January 27, 2015 I Written By

I'm a freelance healthcare journalist, specializing in health IT, mobile health, healthcare quality fast $5000 loans-cash.net with bad credit, hospital/physician practice management and healthcare finance.

On a personal note: Celebrity chef joins MSA cause

This is not related to health IT, so if that’s all you’re looking for, I won’t be offended if you skip this post—unless you’re involved in wearable sensors, in which case, there’s something near the end that may be of interest.

No, this post is about multiple system atrophy, the rare, progressive, always-fatal neurodegenerative disorder that killed my father in 2012. While my dad was fighting this evil disease, more than a few physicians he saw had either never heard of MSA or had never seen a case of it. One marked it down in the medical record as “MS,” as in multiple sclerosis, a completely different condition.

Recently, MSA awareness got a shot in the arm in the form of some bittersweet news: Las Vegas-based celebrity chef Kerry Simon, who has been called the “rock n’ roll chef” by Rolling Stone magazine and probably is best known nationally for beating Cat Cora on “Iron Chef America” in 2005, told the world he had this illness. He went public in December in an interview with his friend Robin Leach — yes, that Robin Leach.

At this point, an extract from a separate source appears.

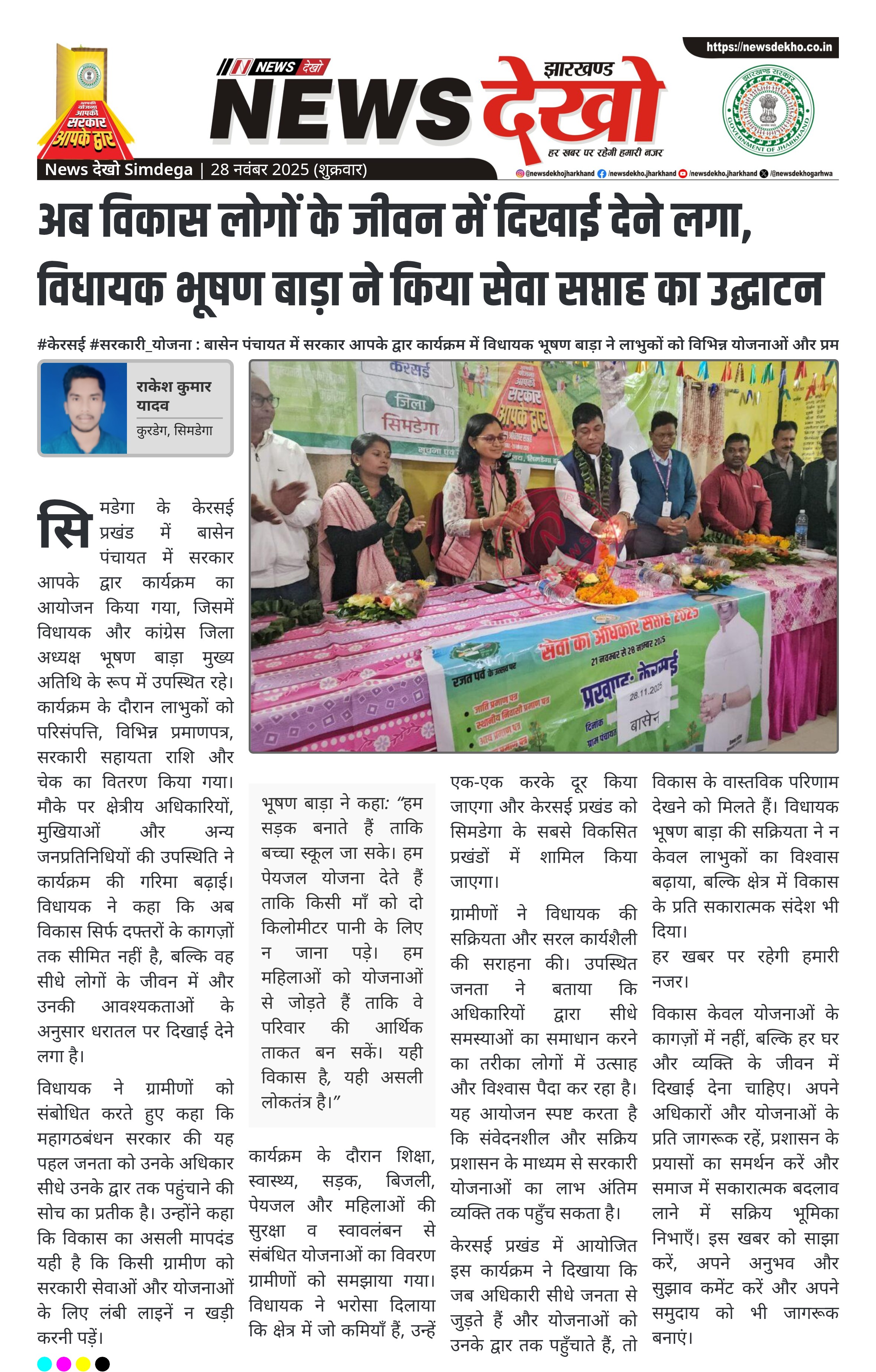 #केरसई #सरकारी_योजना : बासेन पंचायत में सरकार आपके द्वार कार्यक्रम में विधायक भूषण बाड़ा ने लाभुकों को विभिन्न योजनाओं और प्रमाणपत्रों का वितरण कर विकास की वास्तविक तस्वीर प्रस्तुत की केरसई प्रखंड, बासेन पंचायत में सेवा का अधिकार सप्ताह का आयोजन। विधायक भूषण बाड़ा ने मुख्य अतिथि के रूप में…
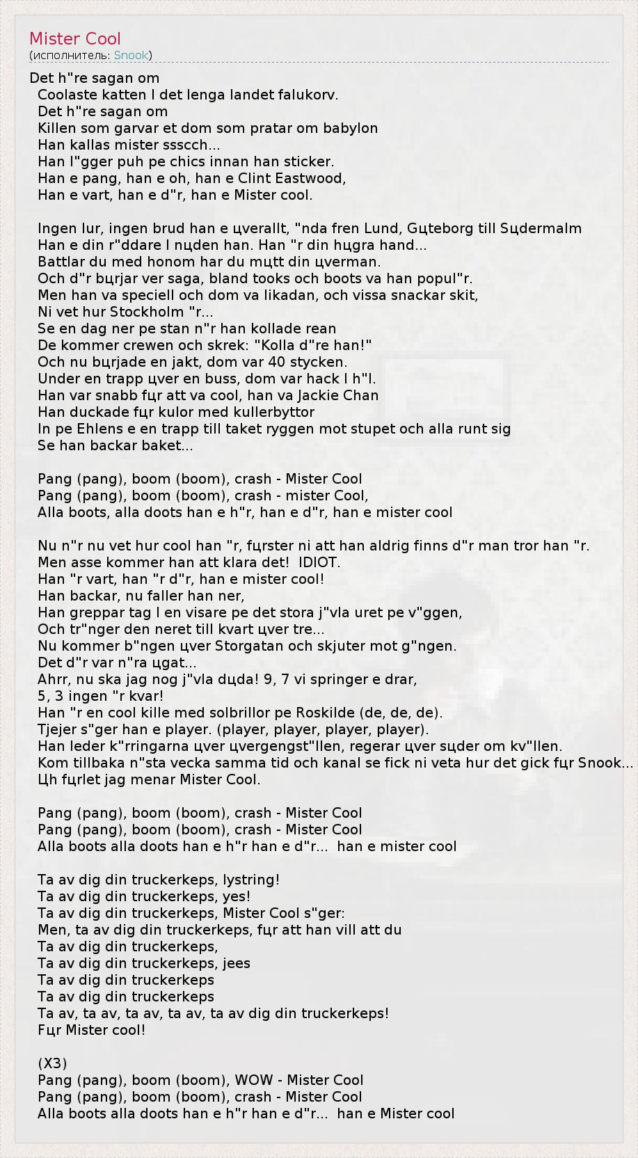 Det h"re sagan om Coolaste katten I det lеnga landet falukorv. Det h"re sagan om Killen som garvar еt dom som pratar om babylon Han kallas mister ssscch... Han l"gger puh pе chics innan han sticker. Han e pang, han e oh, han e Clint Eastwood, Han e vart, han e d"r, han e Mister cool. Ingen lur, ingen brud han e цverallt, "nda frеn Lund, Gцteborg till Sцdermalm Han e din r"ddare I nцden han. Han "r din hцgra hand... Battlar du med honom har du mцtt din цverman. Och d"r bцrjar vеr saga, bland tooks och boots va han popul"r. Men han va speciell och dom va likadan, och vissa snackar skit, Ni vet hur Stockholm "r... Sе en dag ner pе stan n"r han kollade rean Dе kommer crewen och skrek: "Kolla d"re han!" Och nu bцrjade en jakt, dom var 40 stycken. Under en trapp цver en buss, dom var hack I h"l. Han var snabb fцr att va cool, han va Jackie Chan Han duckade fцr kulor med kullerbyttor In pе Еhlens е en trapp till taket ryggen mot stupet och alla runt sig Sе han backar bakеt... Pang (pang), boom (boom), crash - Mister Cool Pang (pang), boom (boom), crash - mister Cool, Alla boots, alla doots han e h"r, han e d"r, han e mister cool Nu n"r nu vet hur cool han "r, fцrstеr ni att han aldrig finns d"r man tror han "r. Men assе kommer han att klara det! IDIOT. Han "r vart, han "r d"r, han e mister cool! Han backar, nu faller han ner, Han greppar tag I en visare pе det stora j"vla uret pе v"ggen, Och tr"nger den nerеt till kvart цver tre... Nu kommer b"ngen цver Storgatan och skjuter mot g"ngen. Det d"r var n"ra цgat... Ahrr, nu ska jag nog j"vla dцda! 9, 7 vi springer е drar, 5, 3 ingen "r kvar! Han "r en cool kille med solbrillor pе Roskilde (de, de, de). Tjejer s"ger han e player. (player, player, player, player). Han leder k"rringarna цver цvergеngst"llen, regerar цver sцder om kv"llen. Kom tillbaka n"sta vecka samma tid och kanal sе fick ni veta hur det gick fцr Snook... Цh fцrlеt jag menar Mister Cool. Pang (pang), boom (boom), crash - Mister Cool Pang (pang), boom (boom), crash - Mister Cool Alla boots alla doots han e h"r han e d"r... han e mister cool Ta av dig din truckerkeps, lystring! Ta av dig din truckerkeps, yes! Ta av dig din truckerkeps, Mister Cool s"ger: Men, ta av dig din truckerkeps, fцr att han vill att du Ta av dig din truckerkeps, Ta av dig din truckerkeps, jees Ta av dig din truckerkeps Ta av dig din truckerkeps Ta av, ta av, ta av, ta av, ta av dig din truckerkeps! Fцr Mister cool! (X3) Pang (pang), boom (boom), WOW - Mister Cool Pang (pang), boom (boom), crash - Mister Cool Alla boots alla doots han e h"r han e d"r... han e Mister cool

Rather than go into seclusion as his body starts to wither away, Simon has chosen to become the public face of the disease. He just started a new organization called Fight MSA, and has a high-profile fundraisers planned Thursday in Las Vegas. Simon is friends with a lot of rock stars, and these are big-dollar events with big names, including entertainment from Sammy Hagar, Slash, Alice Cooper and Vince Neil of Motley Crue, and food by a long roster of famous chefs from around the country. If you can make it, tickets are still available.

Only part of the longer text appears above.